É imprescindível que as autoridades responsáveis pelas investigações disponham de todos os recursos para identificar os envolvidos neste crime bárbaro, doa a quem doer. À sociedade, pedimos cautela. Às autoridades, exigimos transparência e resposta. Não descansaremos até que se faça justiça para Marielle e Anderson, e até que todos os defensores e defensoras de direitos humanos estejam seguros para atuar neste país.

Frases de Nelson Mandela #4

 

Anistia Internacional cobra de Witzel solução sobre assassinato de Marielle

Depois do assassinato da vereadora carioca Marielle Franco (Psol) e seu motorista, Anderson Gomes, a Anistia Internacional cobrou novamente o governador do Rio de Janeiro, Wilson Witzel (PSC), a garantir esforços pela elucidação do crime, descobrindo seus mandantes e objetivos.

Os ex-policiais Ronnie Lessa e Élcio Vieira de Queiroz foram presos acusados de serem os executores do crime. Desde então, não há nenhum avanço importante no sentido de identificar os mandantes do crime e suas motivações.

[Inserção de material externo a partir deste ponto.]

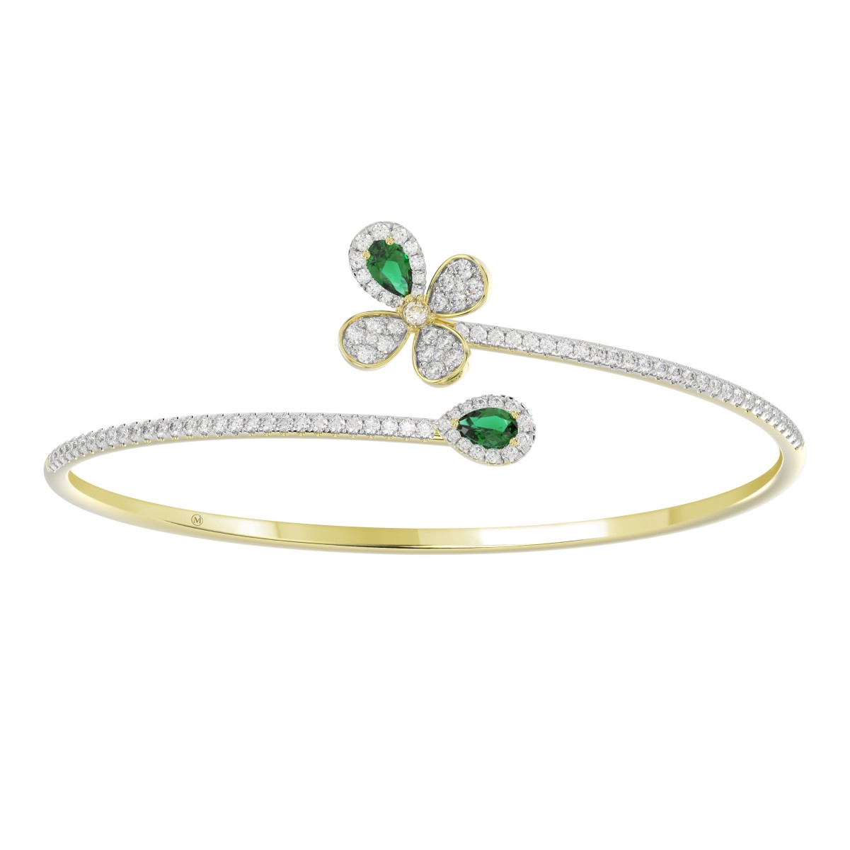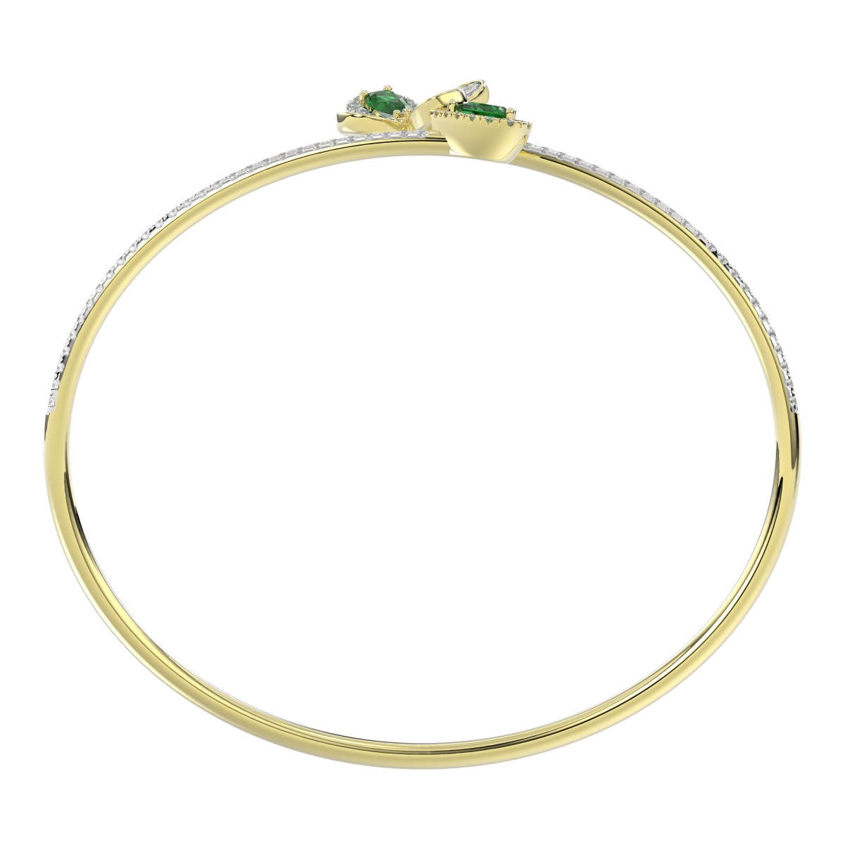 18K YELLOW GOLD 1 1/2CT ROUND/PEAR DIAMOND LADIES BANGLE(COLOR STONE PEAR GREEN EMERALD DIAMOND 2 1/2CT)

A Anistia Internacional e a família de Marielle foram recebidas pelo governador e ouviram dele o compromisso de empenhar esforços na investigação. A organização encaminhou novos pedidos a Witzel e ao procurador-geral de Justiça do Estado, José Eduardo Gussen, renovando sua cobrança por resolução dos assassinatos e por informações atualizadas sobre os inquéritos policiais e outras ações investigativas em curso.


“No dia em que nos reunimos pessoalmente, 13 de março, o governador se comprometeu a empregar esforços e recursos para chegar à resolução do assassinato de Marielle Franco e Anderson Gomes. O procurador-geral de justiça assumiu o mesmo compromisso, mas desde então parece que pouco foi feito para descobrir quem mandou realizar o assassinato de  Marielle e por que. Ou para garantir que todos os envolvidos sejam levados à justiça. Isso coloca em questão o compromisso das autoridades com uma ação célere”, disse Jurema Werneck, diretora executiva da Anistia Internacional no Brasil.

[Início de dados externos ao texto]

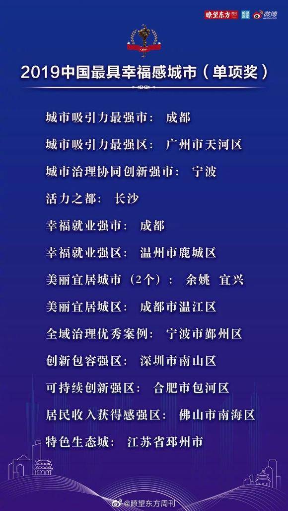 2019年11月25日,中国幸福论坛在广州举行,并向全国公布了“2019中国最具幸福感城市”的评选结果。其调查的指标包括了环境、公共服务、交通、安全、生活节奏、文化等16项主观调查,同时还包括了生活品质、城市向往、旅游向往等10项客调查。最后,成都、杭州、宁波、西安、广州、长沙、温州、台州、铜川、徐州这十个城市被推选为“2019中国最具幸福感城市”。成都荣获榜单首位,从2014年开始成都市已经连续六年位列榜单第一位了。

A organização ressaltou que a prisão dos dois suspeitos de serem os autores materiais do assassinato de Marielle foi um passo importante. No entanto, os mandantes do crime ainda não foram identificados. “Não descansaremos até que tudo tenha sido esclarecido, até que todos os responsáveis por esse crime, tanto seus autores materiais quanto seus mandantes, tenham sido levados à justiça em um julgamento justo e até que o Estado ofereça proteção e apoio psicossocial às famílias de Marielle e Anderson.”

“Se os assassinos e os mandantes não forem condenados, será uma decepção muito grande para nós, para a sociedade no Brasil e no mundo também. É inadmissível que uma defensora de direitos humanos seja morta e, com toda a tecnologia que temos, não se chegue a essas respostas. Enquanto não chegarmos, não vamos parar”, afirmou Antônio Francisco, pai de Marielle.

Ontem, a procuradora-geral da República, Raquel Dodge, solicitou a federalização do caso Marielle e Anderson. Se o Superior Tribunal de Justiça (STJ) aceitar o pedido, o inquérito sobre os assassinatos passará para a responsabilidade da Polícia Federal, saindo da Delegacia de Homicídios do Rio de Janeiro. Nesse caso, a Procuradoria-Geral da República (PGR) passa a ser o órgão de acompanhamento do processo. A decisão ficou a cargo do ministro Raul Araújo, relator do caso.

No início do ano, a Anistia divulgou 23 questionamentos que ainda precisavam ser respondidos sobre o assassinato de Marielle. Algumas foram respondidas ao longo do ano, sobretudo com a prisão dos ex-policiais. No entanto, ainda não há explicações sobre as conclusões das investigações realizadas pela Polícia Federal e o trajeto do carro usado no crime.

“Nunca é demais lembrar que o Brasil continua sendo um dos países mais perigosos para os defensores e as defensoras dos direitos humanos. Resolvendo o crime contra Marielle, o Estado poderia mostrar que não vai tolerar nenhum ataque contra os defensores dos direitos humanos. As autoridades precisam transmitir uma mensagem clara de garantia de proteção para quem luta pelo que acredita: a garantia dos direitos humanos para todos”, disse Jurema.